Criticism, like cancer, grows rather naturally and is fully dependent on its host. It’s growth is predicated upon a relatively healthy host and a benign environment in which it can grow unimpeded.
Lest we spend too long developing that story, the important way that criticism is like cancer is that it comes in two varieties: benign and malignant. Like cancer, both types of criticism can cause mental pain and anguish, but the benign form is not harmful. Malignant forms, on the other hand, are an undesired scourge which is never helpful and hard to live with.
For the purposes of this analogy, we will leave completely positive criticism aside. Like a false positive, it offers nothing worthy of either concern or time of the creator, but it may, at times, distract from the task. A kind word from a friend or stranger about your creation gives little or no insight into the success or failure of your effort.
Malignant criticism, to be clear, seems to have proliferated recently with ever more outlets available for nearly everyone to become a critic. A few years ago, I kept a blog full of quotidian concerns and grand ambitions. It was a very minor affair that was notable to myself and probably three other people. Yet some stranger found it and offered some decidedly malignant criticism. And it hurt. And that was all it did. I tell this story in part because I like to talk about myself, but mostly because it’s a good window into malignant criticism.
Malignant criticism, in short, negates all possible positives of a work and instead aims solely to eviscerate both the creator and the creation. It asserts that the creation is not only flawed, but completely without merit. It says “This is stupid, deluded, foolish, and naive. It’s only purpose is for me to ridicule it.” (That by the way, is about the content of the strangers “review” of my old site.)
This kind of criticism is tantamount to bullying.

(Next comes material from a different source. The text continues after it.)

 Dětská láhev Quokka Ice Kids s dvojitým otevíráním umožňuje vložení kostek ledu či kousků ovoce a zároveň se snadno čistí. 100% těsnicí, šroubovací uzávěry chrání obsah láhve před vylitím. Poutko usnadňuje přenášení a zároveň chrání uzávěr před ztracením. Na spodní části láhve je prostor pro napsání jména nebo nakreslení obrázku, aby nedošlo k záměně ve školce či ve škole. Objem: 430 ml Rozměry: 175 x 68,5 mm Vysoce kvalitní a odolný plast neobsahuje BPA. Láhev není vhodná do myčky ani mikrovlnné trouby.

And just as your parents probably told you, bullies have to tear someone down to make themselves feel good. Malignant criticism is, in general, nothing more than an ego trip.
Benign criticism is almost never that simple. Though it doesn’t shirk acknowledgment of the flaws of the creation, it tends to recognize that a flawed work is not a valueless one. The words “constructive criticism” are often used to encourage this benign form.

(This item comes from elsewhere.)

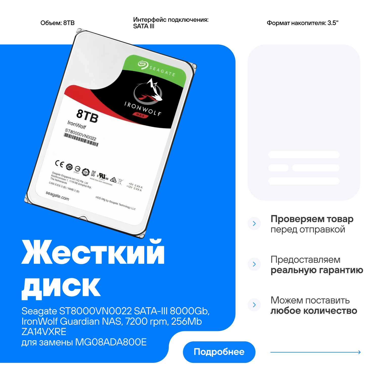 Жесткий диск Seagate st8000vn0022 SATA-III 8000Gb IronWolf Guardian NAS 7200 rpm 256Mb ZA14VXRE совместим для замены с MG08ADA800E информация:

Benign criticism tells the creator (and the audience at large) what the creator set out to do, how far she got toward accomplishing that goal, and how she failed to live up to the potential that the work had. This sounds straightforward, but most amateur reviewer (like myself) often fail to do this.
Benign criticism is much harder to compile than the malignant variety. Consider “snark,” the internet created shorthand for “snide remark” that is, at base, the height of malignant criticism. One can, with a single line of “snark,” express all that is generally seen to be wrong about criticism. A dismissive “Look how bad this story is” or “See how pretentious this guy is” often passes for criticism on the internet. And though it may be criticism, it’s hardly something anyone wants to–or should have to–spend time with.
I guess that brings us back to the top. Like cancer, criticism is often confused with its malignant form. But it’s a mistake to think that all criticism is malignant, benign criticism is one of the most important features of a vibrant culture and when it’s available can not and should not be dismissed out of hand.